В темном баре шумновато. В общем-то, там все тихо, если не считать глухого потрескивания радиоприемника, передающего результаты пятого футбольного сезона из Мураббина[35]. Аляж с Тараканом-Крезвой сидят на табуретах, склонясь над стойкой бара «Новый Мельбурн», старой пивной с неопределенным будущим: ее вот-вот либо сломают, либо начнут перестраивать под турбазу. Хозяин, когда-то веселый и достаточно крепкий малый, способный заменить любого вышибалу, теперь выглядит сломленным – он сидит за стойкой и наливает редким завсегдатаям своего дворца сокрушенной и увядшей мечты.

Время «Нового Мельбурна» как прибежища от городской суеты вышло. Впрочем, еще месяцок-другой, возможно, клиенты вроде Таракана с Аляжем еще могут посидеть за кружкой пива в этих обшитых фанерой стенах и спокойно почесать языком. В углу сидит старик, очень похожий на всех стариков, что сидят по углам любых других баров, и будущее его столь же неопределенно, как и у пивнушки, где последние два десятка лет он привык пропускать по маленькой, что теперь считается даже неприличным.
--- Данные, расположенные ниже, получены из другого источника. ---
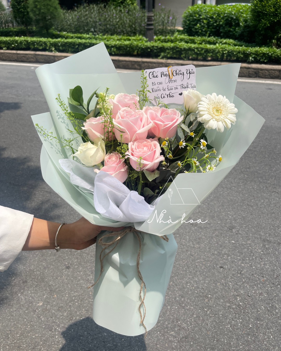 Một số sản phẩm kết hợp nhiều loại hoa có thể giống từ 80%-90% vì phụ thuộc theo mùa hoa hoặc loại hoa về trong ngày. Một số hoa tươi, hoa lá và phụ kiện trên mẫu có thể thay đổi tuỳ thuộc vào tài nguyên đang có tại shop (Nếu có bất cứ thay đổi nào, Nhà Hoa sẽ thông báo đến Quý Khách mua hàng).

Резко поднеся пиво к губам, старик водит трясущейся головой по сторонам, высматривая еще кого-нибудь в баре, как клуша, проверяющая, кто это пожаловал в курятник красть ее яйца. Таракан заказывает еще пару пива. Таракан и впрямь здоровый и противный. К тому же молодой: ему, наверное, года двадцать четыре от силы. Сложение атлетическое, а лио такое, будто по нему изрядно потоптались. С виду он заправский речной лоцман: спортивные сандалии и спортивный флисовый костюм, свободный и слегка замызганный – словом, по первому впечатлению, видавший виды; на руках – разноцветные браслеты из крученых веревок, в ухе – серебряное кольцо с висюлькой в виде ятагана; глаза с прищуром, руки крепкие, смех протяжный, речь замедленная. Единственный минус – кривые зубы, хотя, впрочем, они-то и придают его несчастному лицу счастливое, радостное выражение.
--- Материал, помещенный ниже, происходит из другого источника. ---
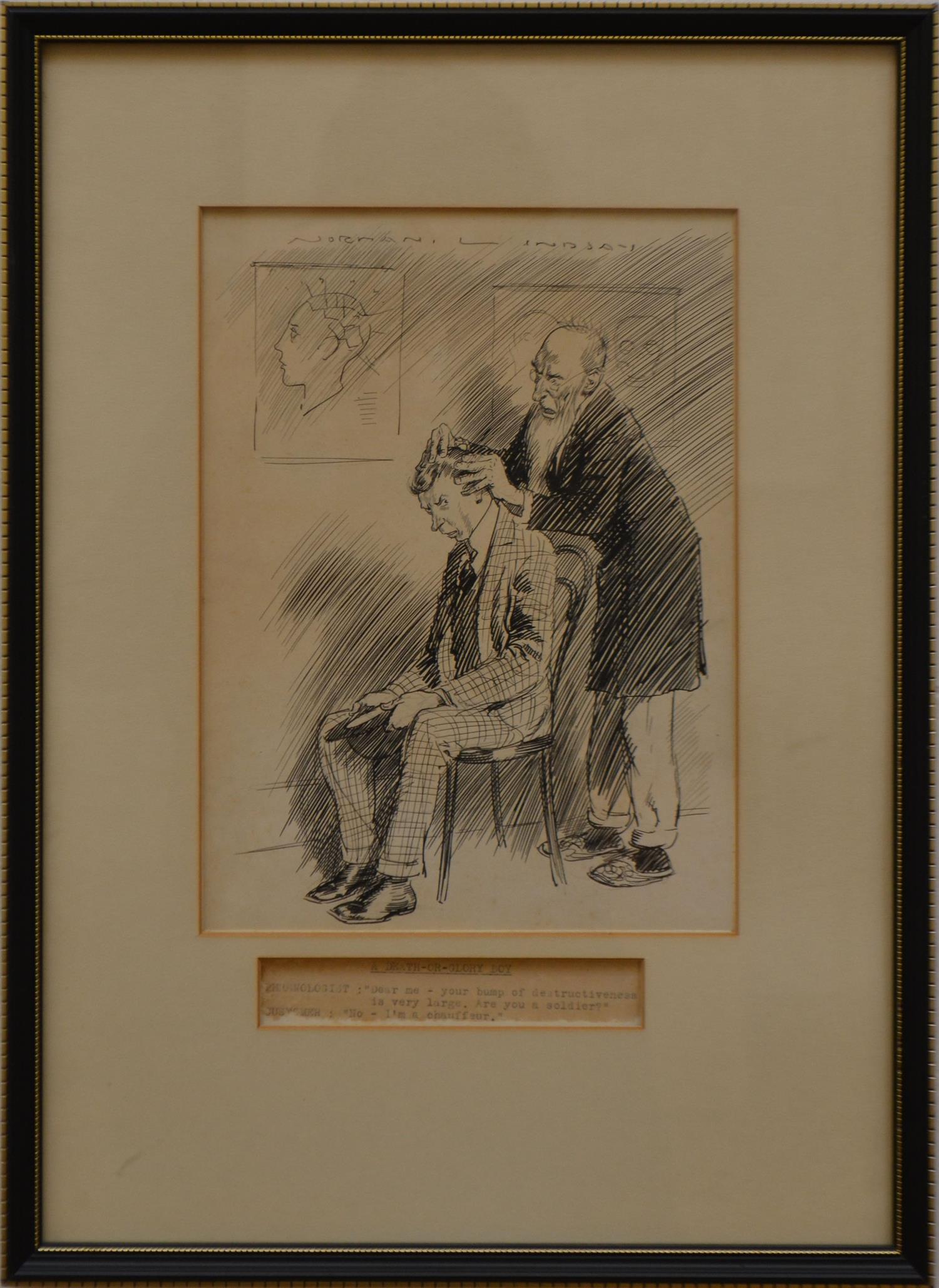 NORMAN LINDSAY, A DEATH -OR- GLORY BOY, INK ON PAPER, 26 X 19.5CM, FRAME SIZE: 45 X 33CM, CONDITION: GOOD, WITH YELLOWING A LIGHT FOXING FOXING LOWER AREA. LEONARD JOEL DELIVERY SIZE: SMALL

Таракан, похоже, не против, что Аляж идет старшим лоцманом, и в бутылку не лезет, за что, вижу, я ему весьма признателен, потому как он прекрасно видит, что я не в форме, и смекает, что я не в форме с тех самых пор, как сплавлялся последний раз. Быть может, чувство благодарности и делает Аляжа словоохотливее обычного. Таракан рассуждает о способах прохождения порогов, о которых Аляж и не слыхивал. Аляж решает поговорить с Тараканом начистоту.

– Честно признаться, я совершенно не в теме, – говорит Аляж. – Думал, больше ни на что не гожусь. – Он смотрит на Таракана. – И эту работу я получил только потому, что понадобился человек, который знает реку, а такого больше не нашлось. Вот и все.

Таракан пожимает плечами. Ему, дескать, все равно нет до этого никакого дела.

– А я подписался на это дело из чистого любопытства.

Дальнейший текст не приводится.